In a pair of concurrent transactions, KYMI-FM LLC sold KBXJ-FM to former owner Israel Ybanez, who in turn sold it to Jesus Pena Acosta, effective March 17, 2014. On May 26, 2014, the station changed its call sign to the current KJJT. The format of general interest music in Spanish was redubbed "La Original" (The Original) because the music is a throwback to another, older KJJT station, a small daytime AM in Odessa, Texas. On June 30, an application was made to the FCC for silent authority because of a serious breakdown due to a lightning strike. This was extended into May 2, 2017. On March 17, KJJT began broadcasting a Texas Red Dirt Country format under the handle the "Red Dirt Ranch". This format was received well in this West Texas region. The Red Dirt Ranch is the only station offering this country format.

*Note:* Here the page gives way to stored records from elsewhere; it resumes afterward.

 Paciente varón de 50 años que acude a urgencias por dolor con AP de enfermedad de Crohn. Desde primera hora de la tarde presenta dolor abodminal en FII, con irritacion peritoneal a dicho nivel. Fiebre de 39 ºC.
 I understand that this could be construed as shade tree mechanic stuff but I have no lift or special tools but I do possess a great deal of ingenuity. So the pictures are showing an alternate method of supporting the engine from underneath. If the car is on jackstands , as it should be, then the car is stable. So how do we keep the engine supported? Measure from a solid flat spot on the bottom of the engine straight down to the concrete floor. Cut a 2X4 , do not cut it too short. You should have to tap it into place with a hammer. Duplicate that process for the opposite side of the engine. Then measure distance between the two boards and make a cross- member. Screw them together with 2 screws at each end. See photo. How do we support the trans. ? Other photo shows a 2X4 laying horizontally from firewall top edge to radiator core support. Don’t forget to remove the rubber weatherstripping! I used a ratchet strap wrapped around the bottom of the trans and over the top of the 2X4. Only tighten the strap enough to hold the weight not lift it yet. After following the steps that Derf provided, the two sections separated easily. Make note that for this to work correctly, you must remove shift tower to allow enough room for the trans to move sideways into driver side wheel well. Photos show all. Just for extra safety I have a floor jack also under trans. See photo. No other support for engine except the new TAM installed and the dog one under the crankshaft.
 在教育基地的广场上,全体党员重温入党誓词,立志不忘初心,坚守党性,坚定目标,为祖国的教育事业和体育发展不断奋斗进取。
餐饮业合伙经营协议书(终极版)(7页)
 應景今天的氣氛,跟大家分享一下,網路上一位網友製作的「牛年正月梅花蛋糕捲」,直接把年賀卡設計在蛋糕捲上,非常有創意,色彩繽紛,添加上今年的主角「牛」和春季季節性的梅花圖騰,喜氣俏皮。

On February 6, 2020, KJJT dropped its country format and began stunting with a loop of Ritchie Valen's "La Bamba", indicating a new format was forthcoming. The next day, KJJT changed its format to Tejano music now known as KJJT, "98.5 The Wave". The station was operated by Multimedia Southwest Communications of Lubbock and J.P. Acosta from Odessa. According to Multimedia Southwest founder JL Rodriguez, the change came about because of a recently created void in the market as a result of changes in two stations from Lubbock. The station went silent May 3, 2020. Its license was not renewed and expired on August 1, 2021.